The aim of this first week is to guarantee that you are ready to start with the project; that you have the proper working environment to do so. It is really important that this objective is fulfilled before the actual start of the project (week 7 of the semester). Do not hesitate to come to us for help.
Concretely, what we expect you to do this week is to:
- setup Git and get this week material;
- compile a C program using an external library (OpenSSL) [1 exercise];
- understand and practice compilation of C software made of several files (and use
make
); - practice the debugger.
Environment
For this project, you have to work on Linux. For this you can either:
- install a virtual machine of your own on your own computer (see this page for VirtualBox or this page for VMWare);
- use one of the IC-CO-IN-INJ-2024-Spring* virtual machines (with or without MA suffix), either remotely from your own computer through vdi.epfl.ch, or directly on the Dell terminals provided in rooms CO-020 to CO-023 or INF3;
- use a Live USB on your own computer;
- use your own computer directly if it's already a Linux box.
No other OS will be supported (nor accepted) for this project.
In addition to the standard C development framework (editor, compiler, debugger), you'll nee the following tools (sudo apt install <package>
if you are on your own Debian/Ubuntu-like computer):
git
(this is the package name to be installed);- some SSH client, e.g.
openssh-client
; - documentation (manpages) :
manpages
andmanpages-dev
; - [optional]
doxygen
if you want to automatically produce the documentation out of your source code; - [optional]
graphviz
to see the graphs generated by Doxygen; libssl-dev
: some cryptographic function we will use to compute "hash"-code of images;libvips-dev
to process images from C code;libjson-c-dev
to process JSON content from C code.
GitHub
You certainly already know Git and GitHub (not to be confused!), maybe from some former classes. This is just a quick recap, or a gentle introduction if you don't know them yet.
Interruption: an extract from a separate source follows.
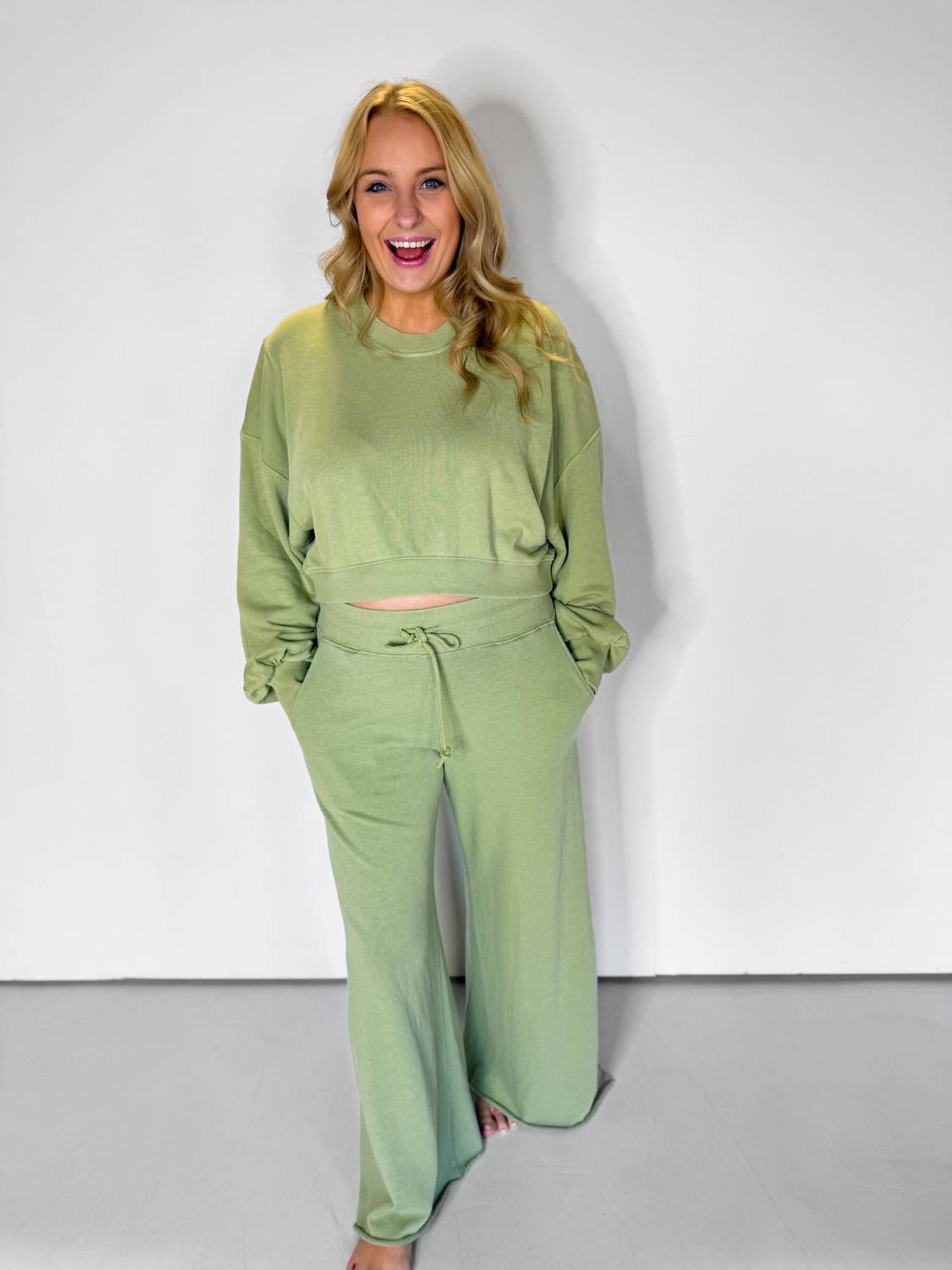 Stay on trend with these stylish boot cut pants that are fit to perfection. The perfect combination of comfort and fashion, you'll be grabbing for these all season long! Elevate your casual wardrobe with the Remy Flared Pant by LALAMIA, designed for both style and comfort in a striking green hue. These high-rise, wide-leg pants offer a relaxed fit, enhanced by their pull-on closure for effortless wear. Perfect for a minimalist and vibrant look, these solid pattern pants feature a convenient pocket detail. Ideal for spring vacations or a casual day out, they seamlessly blend trendy design with practicality.

GitHub is one of the public servers to offer Git services. Each student will first receive a personal repository on GitHub for this first step (warm-up); then each group (pair of two students) will also get another repository for its core project (this will be explained later in the semester).
The first thing to do is to have a GitHub account. If you don't have one yet, create it by registering here. A free account is more than enough for this course.
(if you already have a GitHub account, please use it for this class).
Then, once you have a GitHub account, join the first assignment, here: https://classroom.github.com/a/WG78CBVj.
GitHub Classroom may ask you the right to access your repositories:
then to join this first assignment (click on YOUR SCIPER NUMBER; please don't use someone else SCIPER!):
and then to create a GitHub repository for that first assignment:
Once all this done, you should receive a message from GitHub that you joined the "Warm-up" assignment and that you have a new repository cs202-24-warmup-YOUR_GITHUB_ID
, the URI of which looks like:
git@github.com:projprogsys-epfl/cs202-24-warmup-GITHUBID.git
To be able to clone this repository, you have to add your SSH public key (the one of the computer you are using) to GitHub.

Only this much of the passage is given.